It will be clear to those skilled in the art that, because there is no pump in an RWAL brake system for continually supplying and re-circulating pressurized fluid, as there would be in an AWAL brake system, one must adopt a different mindset when designing an RWAL brake system, and be very stingy about how the limited volume of pressurized fluid available from the master cylinder 12 is utilized during RWAL operation.
Unfortunately, prior RWAL brake systems having only a single rear wheel speed input must utilize a portion of this limited volume of pressurized fluid for periodically performing hold and release cycles to gather data needed for determining if the rear wheels are truly experiencing a lock-up condition, and for determining when the RWAL cycle should be terminated during a given braking cycle, such as, for example, because the rear wheels having passed over a slippery patch of road surface that caused initiation of the RWAL cycle, or because the wheels have slowed enough to re-engage whatever surface they may be traversing, or that braking pressure from the master cylinder 12 has been reduced to a level that lock-up will not occur, or that the RWAL cycle must be aborted during the remainder of the braking cycle because the limited volume of fluid available from the master cylinder 12 has been transferred to the accumulator 22. The pressurized fluid wasted in performing these functions reduces the length of time that the brake system can operate in RWAL mode, and limits the effectiveness of the RWAL system during a given braking event.
In addition, the re-apply time between subsequent RWAL brake operations is affected by factors such as the temperature and volume of the fluid in the accumulator 22, and residual pressure in the rear brakes, that must bleed back to the master cylinder 12 through the rear brake circuit 16, between subsequent braking events. Periodically performing hold and release cycling of the rear brakes to determine if RWAL operation is needed, and for control during RWAL operation can undesirably lengthen the re-apply time.
It is also not possible in prior RWAL brake systems 10 to perform true dynamic rear proportioning (DRP). Because prior RWAL brake systems 10 do not utilize front wheel speed, all information relating to vehicle speed must be deduced from instantaneous rear wheel speed signals provided by the rear wheel sensor 26.
Some prior RWAL systems have included a conventional hydraulic proportioning valve 17, of the type used for several decades in vehicles with standard brake systems, and in some vehicles with various types of controlled braking systems, to provide brake proportioning at a fixed rate. These systems do not provide DRP, because the brake proportioning is not dynamically controlled by the RWAL.
As shown in FIG. 1, for RWAL systems using such conventional hydraulic proportioning valves, the valve 17 is located in the rear brake circuit. The hydraulic proportioning valve 17 has an inlet 17a connected to the master cylinder 12, to receive pressurized fluid therefrom, and an outlet 17b connected to deliver the pressurized fluid from the master cylinder 12 to the rear brakes, through the apply valve 18.

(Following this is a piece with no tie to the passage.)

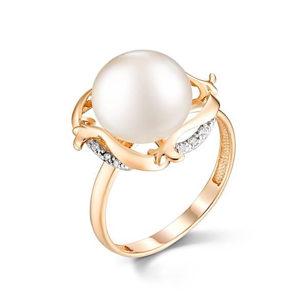 Золотое кольцо с жемчугом и фианитом DEFLEUR 31396A1

A typical pressure profile curve for a conventional hydraulic proportioning valve 17 is shown in FIG. 2, with the horizontal axis representing the front brake pressure and the vertical axis representing rear brake pressure. The rear pressure tracks and is equal to the front pressure in the region labeled 5 until a “knee” “A” is reached. Beyond the knee “A” the increase in pressure applied to the rear brakes is limited to a fixed proportion of the pressure increase applied to the front brakes, as shown by the region labeled 7, by a spring-biased mechanism in the hydraulic proportioning valve 17, in a manner well known in the art.
U.S. Pat. No. 6,241,326 B1, to Ferguson, et al, discloses a system and method for electronically controlling an RWAL system in a manner that emulates the performance of a conventional fixed-rate hydraulic proportioning valve, using a process that Ferguson calls electronic brake proportioning (EBP), in an RWAL system that does not include a hydraulic proportioning valve. When operating in the EBP mode, Ferguson uses the RWAL ECU 34 to control the isolation valve 18 in a manner that provides a pressure profile curve that approximates the curve shown in FIG. 2.
Ferguson uses signals from a rear wheel speed sensor, and/or a g-sensor, to identify when the vehicle has reached the same predetermined static deceleration threshold, i.e. the knee of the pressure profile curve, (see, for example, point A at 0.55 g on FIGS. 3 and 4) that would be utilized to initiate conventional brake proportioning, if the RWAL brake system on the vehicle included a conventional hydraulic proportioning valve. As shown by the dashed 45° line 106, in FIGS. 2 and 3, at g-levels below the predetermined static brake threshold of 0.55 g at point A, the EBP function of Ferguson applies brake pressure equally to the front and rear brakes. Once the predetermined deceleration threshold, A at 0.55 g, is reached with the RWAL operating in the EBP mode, a subroutine in the RWAL control algorithm of Ferguson controls an isolation valve 18 to hold the pressure in the rear brake circuit at a constant value as the front brake pressure continues to increase. The EBP system periodically opens the isolation valve 18, according to a pre-programmed schedule, to distribute further brake pressure increases in open-loop stepwise fashion in increments of 0.1 g as the vehicle reaches higher deceleration thresholds (see points B at 0.65 g and C at 0.75 g) to approximate an idealized proportioning curve, as shown by curves 108 and 110 in FIGS. 2 and 3 respectively that emulates a pressure profile curve for a conventional hydraulic proportioning valve.
The EBP function of Ferguson does not provide ‘dynamic’ rear proportioning, but rather uses a pre-set routine of open and hold cycles of the isolation valve that may be wasteful of the limited volume of hydraulic fluid available from the master cylinder 12, and may also result in either under or over braking of the rear wheels under conditions where the pre-set routine of open and hold cycles is not optimal for the current operating conditions being experienced by the vehicle.
Furthermore, the control algorithm of Ferguson has no way of detecting how heavily loaded the vehicle is, however, and uses the same open-loop stepwise incrementation of 0.1 g per step for EBP control, regardless of whether the vehicle is operating in an LVW condition, as shown in FIG. 2, or in a heavily loaded GVW condition, as shown in FIG. 3. The inventors of the present invention have recognized that under GVW loading conditions, DRP is typically not needed and actually detrimentally reduces overall braking performance in vehicles such as light trucks. The approach of Ferguson, therefore results in inefficient use of available braking force, and unnecessarily and undesirably reduces overall braking force to less than it could be, at heavily loaded vehicle conditions.
One approach for providing true DRP in an RWAL type system is disclosed by commonly assigned U.S. patent application Ser. No. 10/624,056 filed concurrently herewith, to Bond, et al, which is incorporated herein by reference. Bond provides true DRP in an RWAL system through the use of a front wheel speed sensor. While the approach of Bond et al does provide true DRP and improved performance of an RWAL system, the addition of the front wheel speed sensor is undesirable in some applications. An alternative approach that provides an improved DRP function in an RWAL brake system without the need for a front wheel speed sensor would be desirable.
What is desired, therefore, is an improved apparatus and method for providing and operating a pump-less rear wheel anti-lock brake system, that addresses one or more of the problems described above.